**Exercise objective:**
Pictures in the records below must be left out. Return exactly the lines from the line with "AMAZON Rich 3-in-1" to the line with "Use the Fairgo.ai", both included.

**Dataset extract:**
☆ ☆ ☆ ☆ ☆

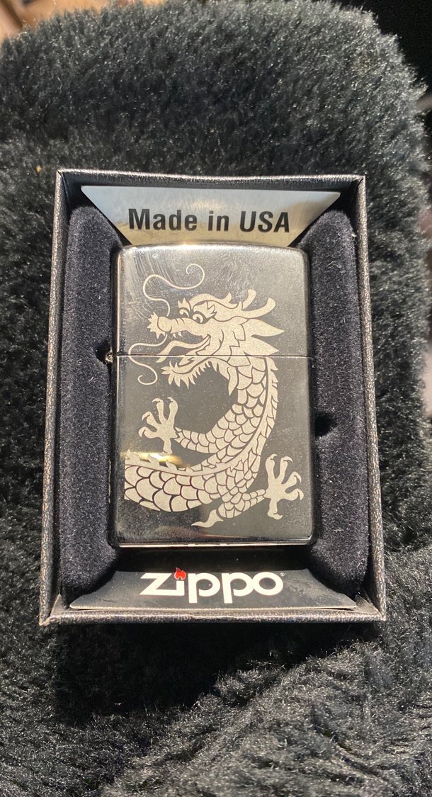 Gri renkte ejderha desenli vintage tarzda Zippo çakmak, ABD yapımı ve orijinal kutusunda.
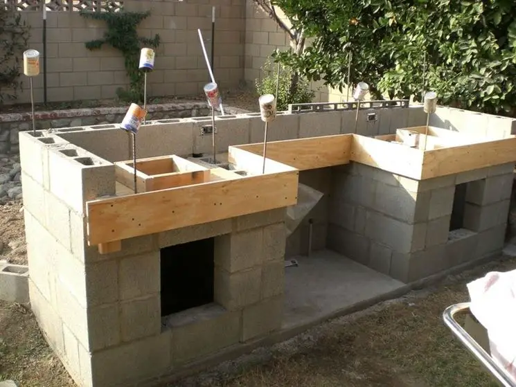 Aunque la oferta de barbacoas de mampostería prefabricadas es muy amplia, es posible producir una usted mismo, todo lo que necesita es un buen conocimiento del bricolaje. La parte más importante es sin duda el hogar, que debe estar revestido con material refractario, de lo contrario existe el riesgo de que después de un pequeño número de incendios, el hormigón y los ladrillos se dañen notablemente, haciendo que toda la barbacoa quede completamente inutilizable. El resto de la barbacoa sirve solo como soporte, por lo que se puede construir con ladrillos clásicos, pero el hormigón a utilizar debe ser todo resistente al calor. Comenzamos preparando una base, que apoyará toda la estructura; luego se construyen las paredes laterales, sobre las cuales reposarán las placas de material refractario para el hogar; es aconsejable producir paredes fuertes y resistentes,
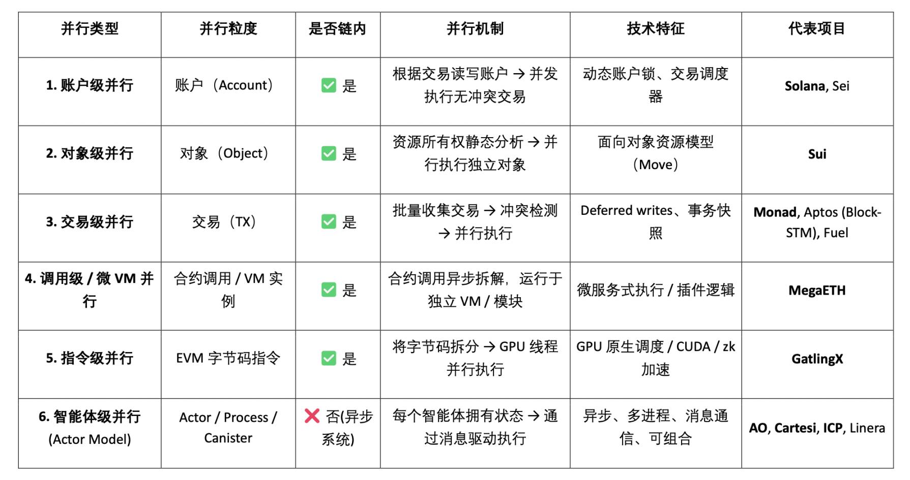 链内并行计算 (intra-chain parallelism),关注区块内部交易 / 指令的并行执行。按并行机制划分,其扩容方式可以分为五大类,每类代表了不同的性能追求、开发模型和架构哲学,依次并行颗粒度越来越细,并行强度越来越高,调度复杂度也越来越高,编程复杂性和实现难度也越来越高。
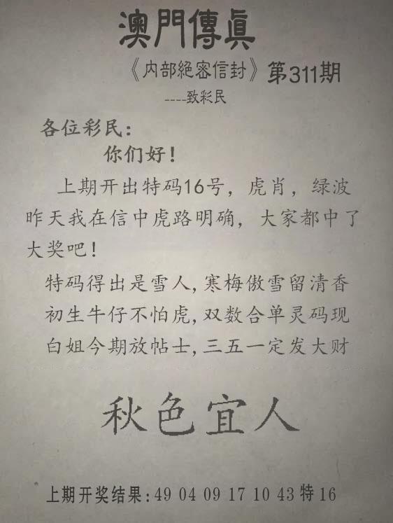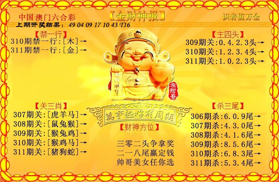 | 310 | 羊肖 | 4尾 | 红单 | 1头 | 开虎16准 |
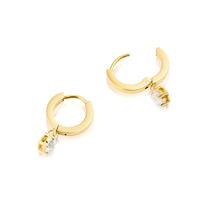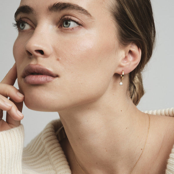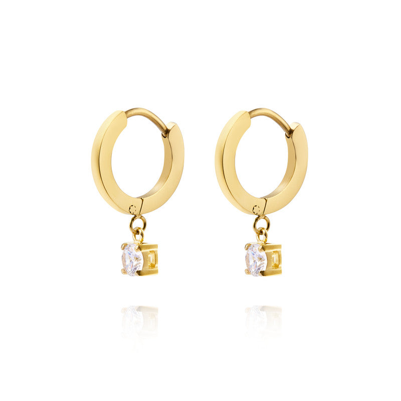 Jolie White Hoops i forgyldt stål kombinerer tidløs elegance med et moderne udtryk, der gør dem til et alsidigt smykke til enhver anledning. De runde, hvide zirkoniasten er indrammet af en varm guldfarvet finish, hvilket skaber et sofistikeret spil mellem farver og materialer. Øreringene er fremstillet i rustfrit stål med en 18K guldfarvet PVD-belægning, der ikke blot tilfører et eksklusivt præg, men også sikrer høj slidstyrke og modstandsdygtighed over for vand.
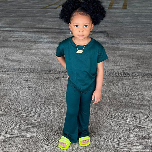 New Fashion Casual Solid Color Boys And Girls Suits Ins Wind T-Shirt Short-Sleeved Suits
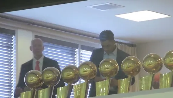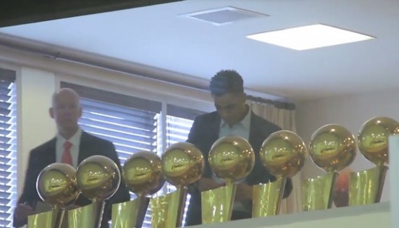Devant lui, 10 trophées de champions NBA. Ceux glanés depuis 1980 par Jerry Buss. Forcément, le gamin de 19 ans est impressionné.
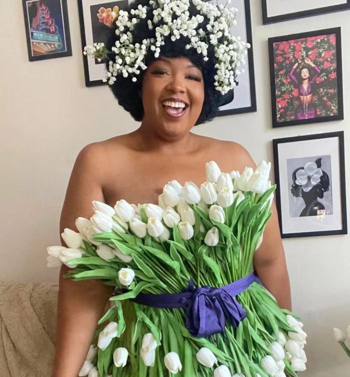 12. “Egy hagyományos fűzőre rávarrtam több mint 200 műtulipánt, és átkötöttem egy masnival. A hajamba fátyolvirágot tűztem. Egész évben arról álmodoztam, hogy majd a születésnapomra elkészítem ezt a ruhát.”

☆ ☆ ☆ ☆ ☆

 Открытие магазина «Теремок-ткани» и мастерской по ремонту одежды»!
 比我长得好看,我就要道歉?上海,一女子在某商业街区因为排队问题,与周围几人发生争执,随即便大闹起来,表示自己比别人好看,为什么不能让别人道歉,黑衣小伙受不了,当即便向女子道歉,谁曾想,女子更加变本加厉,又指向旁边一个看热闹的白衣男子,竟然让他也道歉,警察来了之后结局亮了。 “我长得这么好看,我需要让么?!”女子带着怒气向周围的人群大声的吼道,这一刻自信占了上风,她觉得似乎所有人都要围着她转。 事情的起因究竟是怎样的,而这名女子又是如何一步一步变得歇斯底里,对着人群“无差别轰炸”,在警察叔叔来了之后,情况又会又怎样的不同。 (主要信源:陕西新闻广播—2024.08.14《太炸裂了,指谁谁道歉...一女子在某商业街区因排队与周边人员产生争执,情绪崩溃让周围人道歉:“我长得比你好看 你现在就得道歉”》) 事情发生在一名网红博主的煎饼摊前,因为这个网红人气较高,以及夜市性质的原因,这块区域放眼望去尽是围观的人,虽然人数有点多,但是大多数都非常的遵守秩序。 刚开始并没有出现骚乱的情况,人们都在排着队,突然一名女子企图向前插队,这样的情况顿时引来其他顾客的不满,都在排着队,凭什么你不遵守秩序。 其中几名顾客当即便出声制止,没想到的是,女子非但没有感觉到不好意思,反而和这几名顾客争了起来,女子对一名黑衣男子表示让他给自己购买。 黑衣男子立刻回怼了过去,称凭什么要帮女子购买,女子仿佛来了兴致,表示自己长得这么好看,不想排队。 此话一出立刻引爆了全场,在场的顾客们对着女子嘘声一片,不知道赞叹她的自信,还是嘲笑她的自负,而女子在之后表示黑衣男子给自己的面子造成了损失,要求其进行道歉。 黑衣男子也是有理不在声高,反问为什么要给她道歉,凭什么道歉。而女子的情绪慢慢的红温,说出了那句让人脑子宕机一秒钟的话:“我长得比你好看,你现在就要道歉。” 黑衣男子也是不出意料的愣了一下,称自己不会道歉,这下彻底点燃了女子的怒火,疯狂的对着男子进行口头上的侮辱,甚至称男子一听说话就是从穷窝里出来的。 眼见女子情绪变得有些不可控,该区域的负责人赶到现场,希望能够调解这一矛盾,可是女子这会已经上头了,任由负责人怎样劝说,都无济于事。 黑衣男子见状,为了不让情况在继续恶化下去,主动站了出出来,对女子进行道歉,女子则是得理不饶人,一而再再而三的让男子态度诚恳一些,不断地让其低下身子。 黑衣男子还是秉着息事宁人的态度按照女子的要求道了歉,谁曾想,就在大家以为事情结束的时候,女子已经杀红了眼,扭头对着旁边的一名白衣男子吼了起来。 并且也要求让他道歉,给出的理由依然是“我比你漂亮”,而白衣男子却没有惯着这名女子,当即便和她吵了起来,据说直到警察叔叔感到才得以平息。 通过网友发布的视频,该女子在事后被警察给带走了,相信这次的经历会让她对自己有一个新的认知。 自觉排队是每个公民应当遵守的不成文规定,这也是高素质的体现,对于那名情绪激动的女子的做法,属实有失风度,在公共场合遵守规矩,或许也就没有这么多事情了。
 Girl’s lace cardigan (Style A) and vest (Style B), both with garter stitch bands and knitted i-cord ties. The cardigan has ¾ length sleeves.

☆ ☆ ☆ ☆ ☆

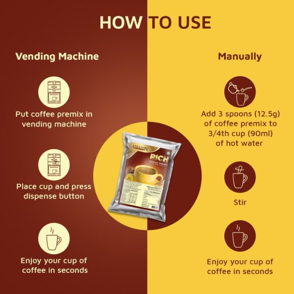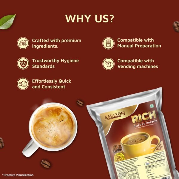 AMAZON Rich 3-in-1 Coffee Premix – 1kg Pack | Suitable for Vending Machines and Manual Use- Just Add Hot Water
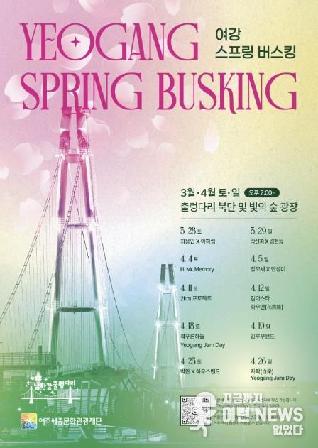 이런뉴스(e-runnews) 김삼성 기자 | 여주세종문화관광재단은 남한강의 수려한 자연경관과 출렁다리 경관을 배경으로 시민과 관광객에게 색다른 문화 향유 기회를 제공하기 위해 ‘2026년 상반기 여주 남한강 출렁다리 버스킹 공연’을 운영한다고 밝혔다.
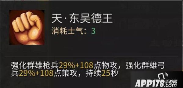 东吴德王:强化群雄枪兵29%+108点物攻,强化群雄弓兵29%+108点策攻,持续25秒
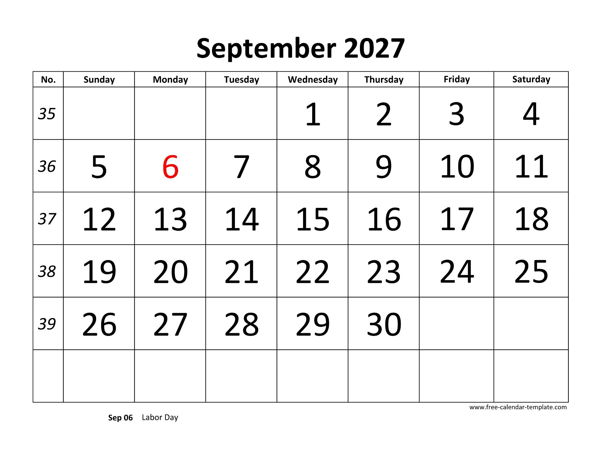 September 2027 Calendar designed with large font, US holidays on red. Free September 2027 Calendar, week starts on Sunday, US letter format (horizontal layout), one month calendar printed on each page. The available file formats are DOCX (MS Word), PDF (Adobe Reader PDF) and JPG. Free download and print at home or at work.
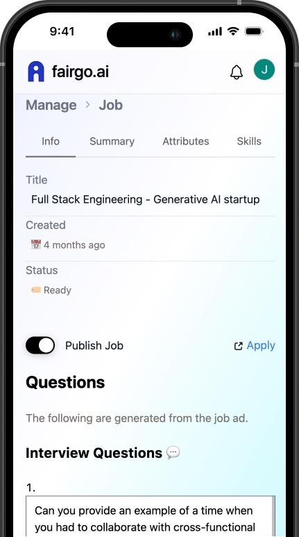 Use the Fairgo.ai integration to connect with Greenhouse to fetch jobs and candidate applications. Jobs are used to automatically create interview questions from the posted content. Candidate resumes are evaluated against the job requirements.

☆ ☆ ☆ ☆ ☆

**Task output:**
 AMAZON Rich 3-in-1 Coffee Premix – 1kg Pack | Suitable for Vending Machines and Manual Use- Just Add Hot Water
 이런뉴스(e-runnews) 김삼성 기자 | 여주세종문화관광재단은 남한강의 수려한 자연경관과 출렁다리 경관을 배경으로 시민과 관광객에게 색다른 문화 향유 기회를 제공하기 위해 ‘2026년 상반기 여주 남한강 출렁다리 버스킹 공연’을 운영한다고 밝혔다.
 东吴德王:强化群雄枪兵29%+108点物攻,强化群雄弓兵29%+108点策攻,持续25秒
 September 2027 Calendar designed with large font, US holidays on red. Free September 2027 Calendar, week starts on Sunday, US letter format (horizontal layout), one month calendar printed on each page. The available file formats are DOCX (MS Word), PDF (Adobe Reader PDF) and JPG. Free download and print at home or at work.
 Use the Fairgo.ai integration to connect with Greenhouse to fetch jobs and candidate applications. Jobs are used to automatically create interview questions from the posted content. Candidate resumes are evaluated against the job requirements.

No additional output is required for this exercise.